Horizons lost it's sponsor in 1993. Disney kept it open another year without a sponsor. Then, intermittently open between 1994-1999 when it was torn down. Disney tore it down to get a new ride built with a new sponsor. Bad decision? Possibly. But, despite the fact people still love and miss the ride, it wasn't the hot new thing bringing in the crowds like it used to. There was little reason financially and logicistally for Disney not to take the offer for a new ride and sponsor though.
 

wolf359

Well-Known Member
You're right, it has been talked about a million times, but strangely enough the answer really never changes.
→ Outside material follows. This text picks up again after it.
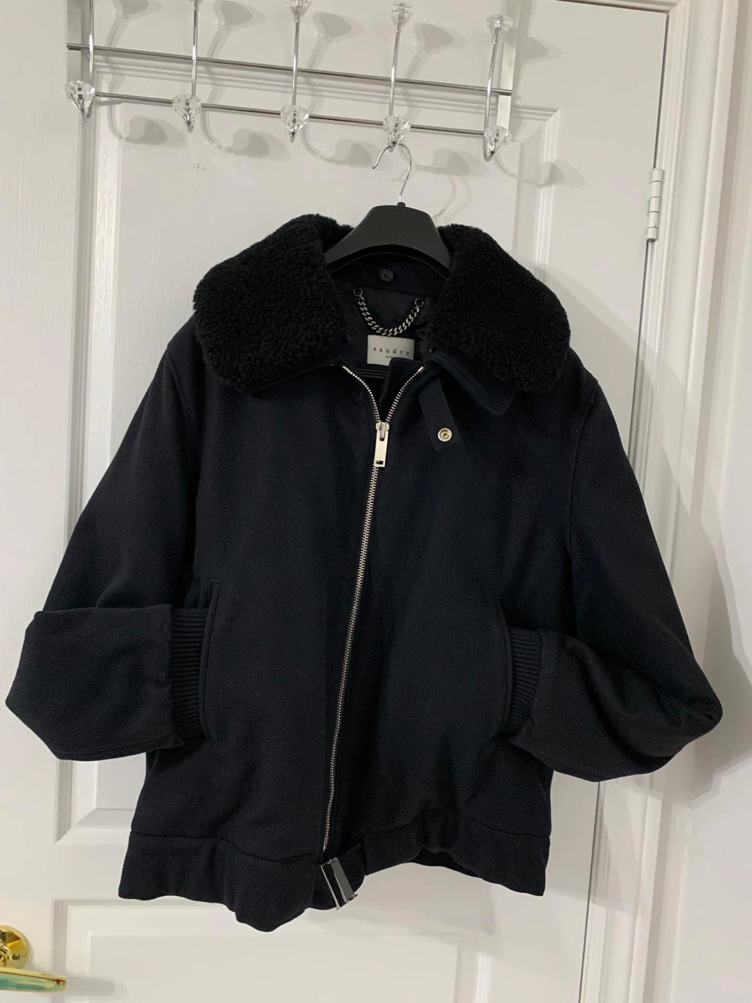 Selling a super stylish Sandro Paris bomber jacket! It's a sleek black colour and made from a cozy wool blend. The jacket features a cool faux fur collar and a chain detail inside. Perfect for adding a touch of Parisian chic to your wardrobe!

It wasn't like they were sitting around saying "we've got to rip something out, let's play rock, paper, scissors..." and Horizons just happened to lose.

Horizons lost its original sponsor, and the new one wanted something completely new and was willing to pay for it. The Horizons building was demolished because Mission: Space wouldn't fit into it, not because of a sinkhole.

At the time Wonders of Life still has a sponsor and the only real thrill ride in the park, so using that area wouldn't have been considered, and Universe of Energy still had a sponsor and had just been updated in 1996, so again, it wouldn't have been considered.

It's easy to look back at what happened and second guess their decisions based on what we know over a decade after the fact, but at the time what they did made the most sense.
 

wolf359

Well-Known Member
I can understand the sponsorship thing, but it is still sad. It was a great ride.

Oh, no doubt. I love Horizons too and wish it didn't have to go in order to make way for Mission: Space. If only Disney could have known about the oncoming decline of Wonders of Life and perhaps considered bulldozing it to make room for M:S instead...
 

zooey

Well-Known Member
I can't say for myself, but wasn't Horizons extremely unpopular by the end of its run? I've heard or read that the ride never had much of a crowd near the end. Maybe it was maintenance, or maybe it was lack of continued refurbishment, but the audience spoke on the matter either way. That being said, Mission: Space isn't terribly popular either.
Horizons seems to be the definition of "You don't know what you've got until it's gone."
 

misterID

Well-Known Member
I can't say for myself, but wasn't Horizons extremely unpopular by the end of its run? I've heard or read that the ride never had much of a crowd near the end. Maybe it was maintenance, or maybe it was lack of continued refurbishment, but the audience spoke on the matter either way. That being said, Mission: Space isn't terribly popular either.
Horizons seems to be the definition of "You don't know what you've got until it's gone."

It was hardly ever open once the sponsor split. It didn't even get a proper refurb :cry:
 

wolf359

Well-Known Member
I can't say for myself, but wasn't Horizons extremely unpopular by the end of its run? I've heard or read that the ride never had much of a crowd near the end. Maybe it was maintenance, or maybe it was lack of continued refurbishment, but the audience spoke on the matter either way. That being said, Mission: Space isn't terribly popular either.
Horizons seems to be the definition of "You don't know what you've got until it's gone."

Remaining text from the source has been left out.